After this course we were taken outside for a tour of their garden. This I was very excited about and I thought it added a very nice touch to the evening. Upon our arrival we were served raspberry licorice sorbet dipped in chocolate. M quite liked this but it was pleasing to my palette at all so I gave mine to him. The garden itself was very cute. The guy let us try a few of their various basils. We both also got excited at seeing alpine strawberries, something we had tried at Tickets. Our waiter's excitement certainly didn't match ours when we explained that we had had them before; he seemed almost disappointed that he wasn't introducing us to a cool new ingredient.
We were hoping for some sweet relief from our desserts but even in this, we were left wanting. This dish was blueberries with vinegar and fresh cheese.

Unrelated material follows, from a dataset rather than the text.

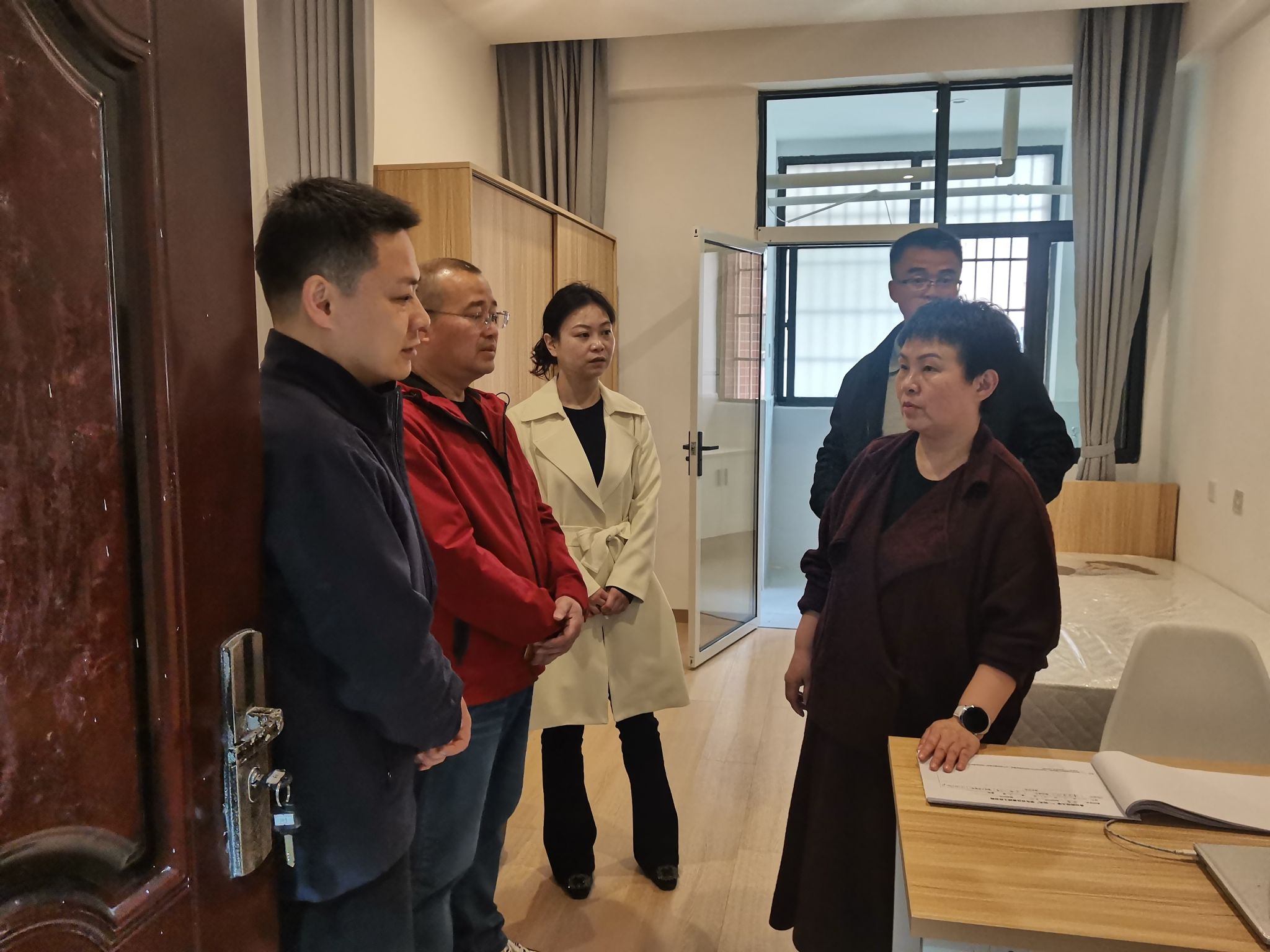 2024年3月27日上午,公司党委委员、副董事长欧阳恩良,员工工作部部长万平,副部长张文云、林秀娟及相关工作人员走访“一站式”员工社区,来到公司负责的博学书院6栋员工寝室,公司党委副书记夏天陪同走访。

I don't mind berries steeped in vinegar, something like strawberries with a bit of balsamic and vanilla can be very tasty and can enhance the flavour of the berry. This is probably what Shewry was going for here but it was wasn't executed well...at all. Blueberries are of course very sour fruits and the addition of vinegar and fresh cheese just made the dish sour on sour on sour. While the creaminess of the cheese should help balance, it didn't go far enough and the tartness of the cheese itself just compounded the sourness. The whole dish just screamed for some sugar. This is legit something I never say about desserts because I really dislike super sweet foods and I find many desserts too sweet for me. This however, was on the opposite end of the spectrum.

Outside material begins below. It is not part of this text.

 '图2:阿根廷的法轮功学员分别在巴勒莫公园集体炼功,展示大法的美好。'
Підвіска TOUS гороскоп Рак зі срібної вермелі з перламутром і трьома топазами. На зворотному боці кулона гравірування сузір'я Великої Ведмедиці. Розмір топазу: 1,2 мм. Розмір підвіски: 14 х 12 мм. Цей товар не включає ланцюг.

We had a similar problem with the last course of the night: raw strawberry jam. This dessert was at the time replacing Attica's famous plight of the bees. While this dessert was better than the last one, it still wasn't to my taste. The cooking technique of this jam was such that it allowed the chefs to make a jam texture without really cooking the berries, thereby retaining the natural flavour of the fruit. The issue here was that the natural flavour of berries they started with for the jam as well as the fresh berries at the bottom of the dish, wasn't very good. They needed to use a more naturally sweet berry—something like an English strawberry (the which are very pale and almost look under-ripe), difficult but possible to acquire in Australia. As it was with these berries, though, more sugar was needed. The meringue accompaniment helped with the sweetness but the addition of the sour cream again compounded the sourness. Normal fresh cream or something like a creme anglaise would have, in my opinion, been a much better accompaniment.

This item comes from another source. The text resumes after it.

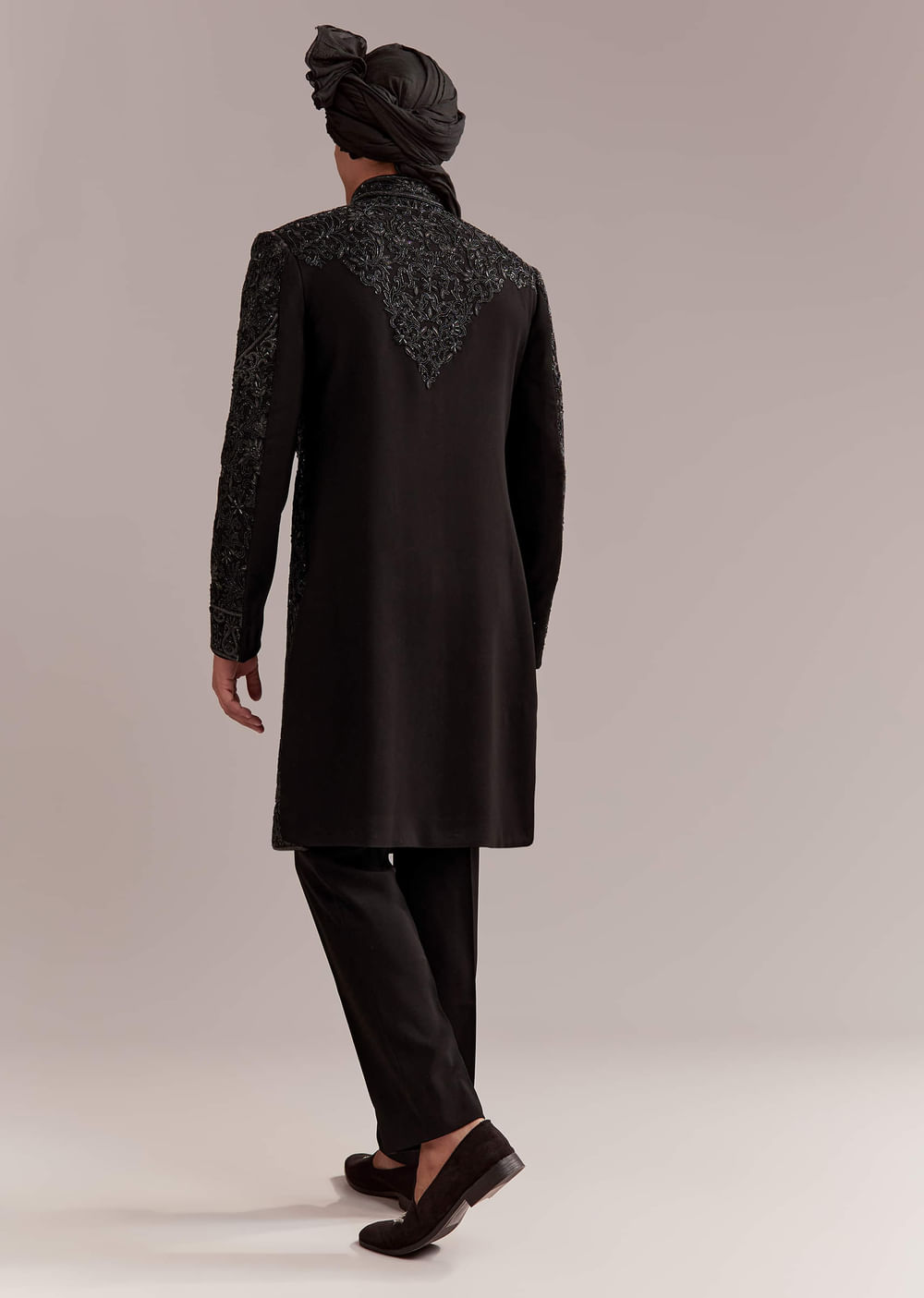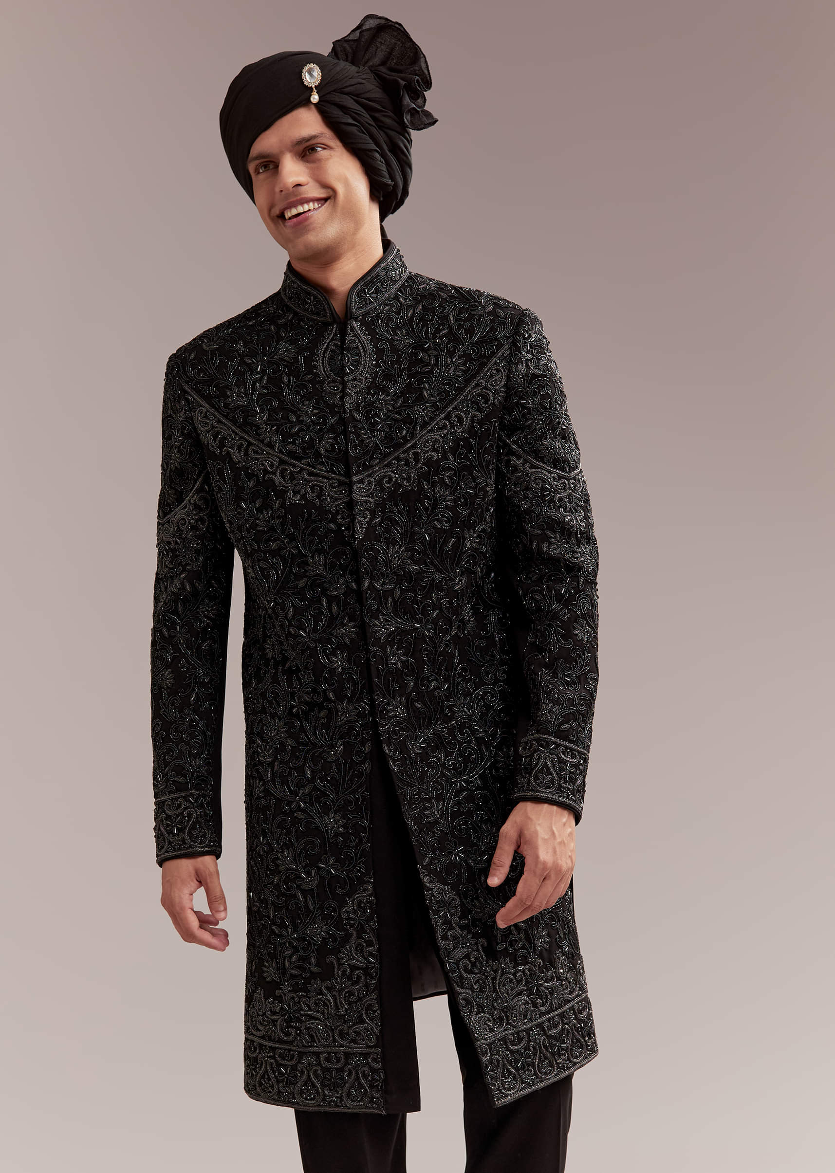 Black Silk Sherwani For Groom With Intricate Embroidery

We finished our meal with some chocolate Pukeko's eggs. I personally found these too sweet but M loved them. At the end of the meal I couldn't help but compare this experience to that which we had at The Ledbury. Both restaurants take a similar approach to their food, liking to use seasonal, local, native and somewhat left of centre ingredients and preparing them in a way which is still retaining the natural beauty of the produce. It's an approach I applaud but the problem for Attica is that they do it nowhere as well as somewhere like The Ledbury. Even the service here was lacklustre compared to that of the Ledbury. While it was perfectly polite and professional, it had none of the charm and warmth of the service at the Ledbury. All in all, it's safe to say we won't be back. More for the rest of the world, I suppose.
ETA: one thing I forgot to mention was that they charged us $20 for a MOCKTAIL, the same price as their cocktails by the way. Apparently in the land of Attica the cost of fruit juice is somehow as expensive as alcohol.